DR. MAYS: Is there a way to send an email to the group or something?
DR. SUAREZ: Absolutely.
DR. MAYS: Then the other person would be who is not here is Bill Stead who does informatics and may have some suggestions as well.
DR. SUAREZ: Another important point I think — thank you for bringing it up. The National Committee and I do not know if you are familiar with it, but in June of this year a few months ago we sent a letter to the secretary out of a hearing that we had last November a year ago on public health information infrastructure with very specific recommendations about advancing and repositioning or advancing the health information infrastructure and public health. There is a series of recommendations. It is on our NCVHS website as well.
DR. ROSENTHAL: Health datapalooza. I am organizing the data track.

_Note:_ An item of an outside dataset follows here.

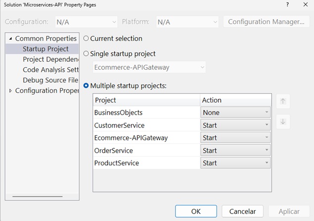 Para executar o projeto devemos configurar o modo Multiple startup projects conforme abaixo:
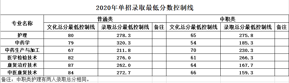 2020年单招录取最低控制分数线

If any of you know anyone who is doing it.
DR. MAYS: What are the deadlines?
DR. ROSENTHAL: I actually have no idea what the deadlines are. I am the worst person to ask that. Whenever they feel like it. But seriously, the data track is one of the toughest to staff. If you are doing anything reasonable, have any students that are doing anything reasonable, know anyone who is doing anything reasonable, please have them submit an extract.
DR. KAUSHAL: For the timing as soon as possible. We can always find a place to put it in. It is more about quality than quantity.
MS. BRADLEY: I just wanted to make sure that you got to see this Google drive. You guys have seen it. You guys know how to use it.
PARTICIPANT: Do you want to send me the invite again?
MS. BRADLEY: I will send it out again. And then you do have to — did you ever see this as well? There was a response from the secretary to the letter that we sent. There was a working group that had sent a letter to the Full Committee and the Full Committee sent it out to the secretary.
DR. MAYS: Is this the one that Justine sent?
MS. BRADLEY: Yes and then there was a response from the secretary.
DR. MAYS: Okay.
MS. BRADLEY: I suppose I should send that out as well.
DR. MAYS: Send it to us and then we can look at it. Was it a good response?
MS. BRADLEY: Yes, it was positive.
DR. MAYS: I think we will look at this and then see if there is anything. Do we respond back to the secretary when we get responses? Thank you or thank you for the response.
Seeing nothing else, can I get a motion for adjournment? We have a second. Thank you very much everyone. I think we have ourselves a great start on accomplishing something that I think can make a difference. Thank you everybody.
(Whereupon, at 4:45 p.m., the meeting adjourned.)